YOUR OBJECTIVE: Every picture is to be removed, and all the data is to be copied exactly.

DATASET CONTENT:

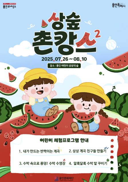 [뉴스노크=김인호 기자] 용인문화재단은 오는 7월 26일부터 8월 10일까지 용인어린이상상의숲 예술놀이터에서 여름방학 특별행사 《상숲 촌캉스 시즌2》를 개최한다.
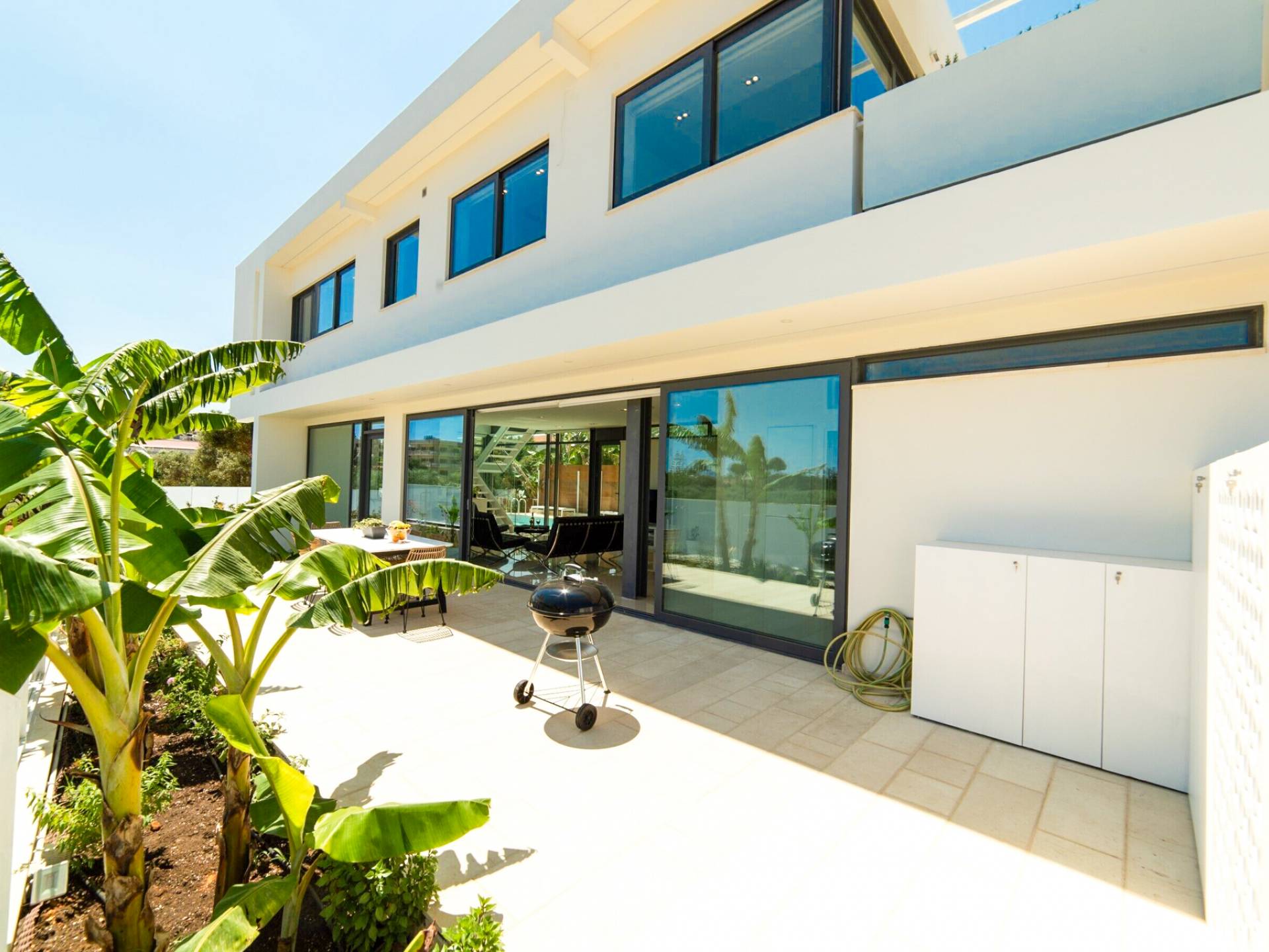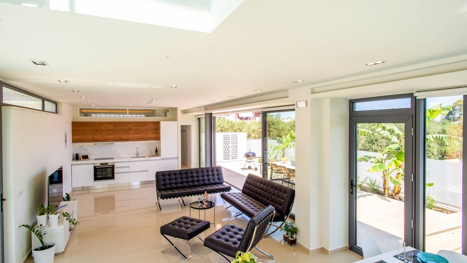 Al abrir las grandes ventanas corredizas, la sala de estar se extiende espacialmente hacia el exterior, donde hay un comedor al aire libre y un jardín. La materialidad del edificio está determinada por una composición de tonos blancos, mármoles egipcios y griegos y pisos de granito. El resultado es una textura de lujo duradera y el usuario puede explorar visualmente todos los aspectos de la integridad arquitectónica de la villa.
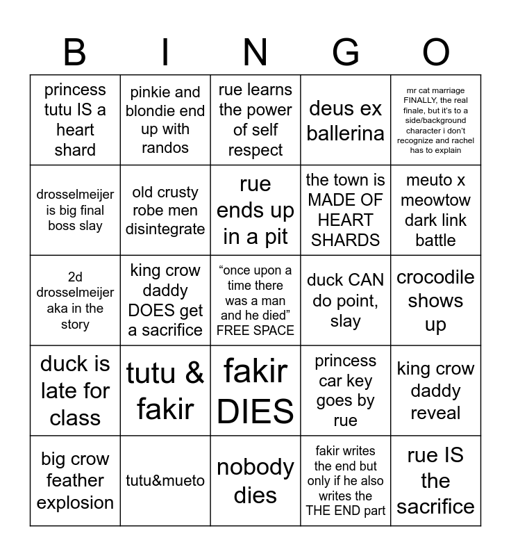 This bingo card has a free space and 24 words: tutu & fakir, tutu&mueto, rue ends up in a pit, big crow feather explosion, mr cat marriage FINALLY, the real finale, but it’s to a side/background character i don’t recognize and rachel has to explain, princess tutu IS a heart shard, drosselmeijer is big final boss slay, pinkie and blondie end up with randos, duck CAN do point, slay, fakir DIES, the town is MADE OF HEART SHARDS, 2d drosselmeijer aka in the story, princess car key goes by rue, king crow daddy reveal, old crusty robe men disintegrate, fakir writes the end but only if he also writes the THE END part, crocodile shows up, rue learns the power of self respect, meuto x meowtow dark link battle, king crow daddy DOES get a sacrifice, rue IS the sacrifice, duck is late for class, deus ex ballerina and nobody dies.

EXERCISE RESULT:
 [뉴스노크=김인호 기자] 용인문화재단은 오는 7월 26일부터 8월 10일까지 용인어린이상상의숲 예술놀이터에서 여름방학 특별행사 《상숲 촌캉스 시즌2》를 개최한다.
 Al abrir las grandes ventanas corredizas, la sala de estar se extiende espacialmente hacia el exterior, donde hay un comedor al aire libre y un jardín. La materialidad del edificio está determinada por una composición de tonos blancos, mármoles egipcios y griegos y pisos de granito. El resultado es una textura de lujo duradera y el usuario puede explorar visualmente todos los aspectos de la integridad arquitectónica de la villa.
 This bingo card has a free space and 24 words: tutu & fakir, tutu&mueto, rue ends up in a pit, big crow feather explosion, mr cat marriage FINALLY, the real finale, but it’s to a side/background character i don’t recognize and rachel has to explain, princess tutu IS a heart shard, drosselmeijer is big final boss slay, pinkie and blondie end up with randos, duck CAN do point, slay, fakir DIES, the town is MADE OF HEART SHARDS, 2d drosselmeijer aka in the story, princess car key goes by rue, king crow daddy reveal, old crusty robe men disintegrate, fakir writes the end but only if he also writes the THE END part, crocodile shows up, rue learns the power of self respect, meuto x meowtow dark link battle, king crow daddy DOES get a sacrifice, rue IS the sacrifice, duck is late for class, deus ex ballerina and nobody dies.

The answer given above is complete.